* YOUR ASSIGNMENT: When you copy the data that follows, reproduce every word exactly and leave out the images.

* RAW DATA:
──────────────────────────────
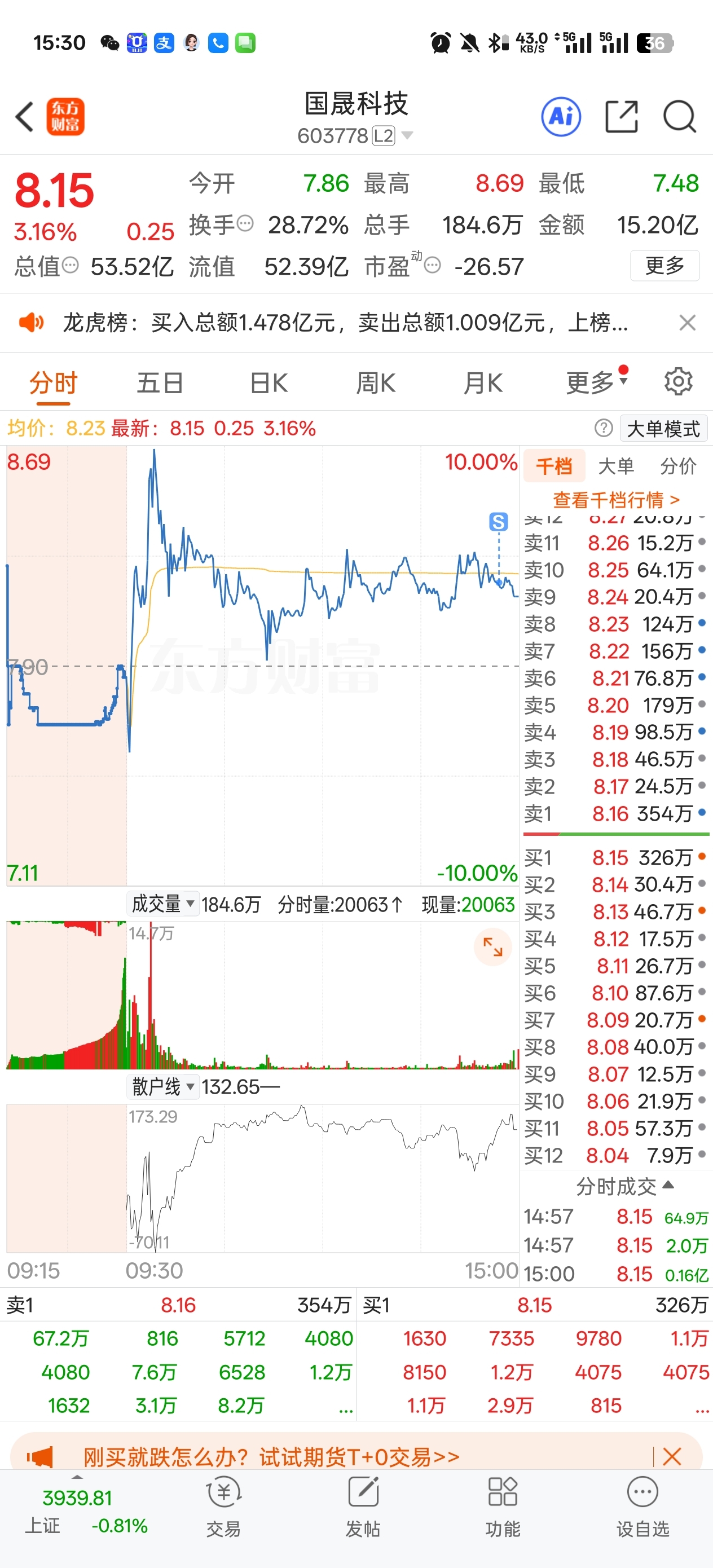 $国晟科技(SH603778)$ 涨停没卖,尾盘走了,还以为能走成龙头,看起来很难了。
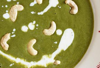 Velouté de cresson aux flocons de petit épeautre et à la purée de noix de cajou
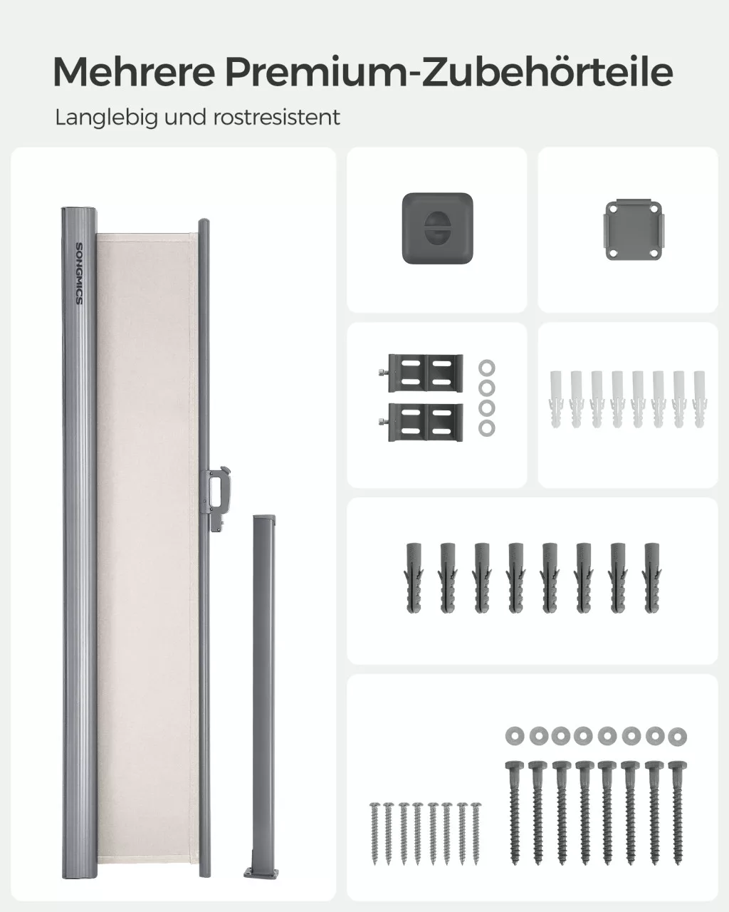 Ez a modern kialakítású oldalsó napellenző tökéletes megoldást kínál a terasz vagy erkély napvédelmére és a privátszféra megőrzésére. A rozsdamentes alumínium szerkezet és a 280 g/m² sűrűségű, PU bevonatú poliészter anyag tartós és időjárásálló védelmet biztosít.
──────────────────────────────
* EXERCISE RESULT:
 $国晟科技(SH603778)$ 涨停没卖,尾盘走了,还以为能走成龙头,看起来很难了。
 Velouté de cresson aux flocons de petit épeautre et à la purée de noix de cajou
 Ez a modern kialakítású oldalsó napellenző tökéletes megoldást kínál a terasz vagy erkély napvédelmére és a privátszféra megőrzésére. A rozsdamentes alumínium szerkezet és a 280 g/m² sűrűségű, PU bevonatú poliészter anyag tartós és időjárásálló védelmet biztosít.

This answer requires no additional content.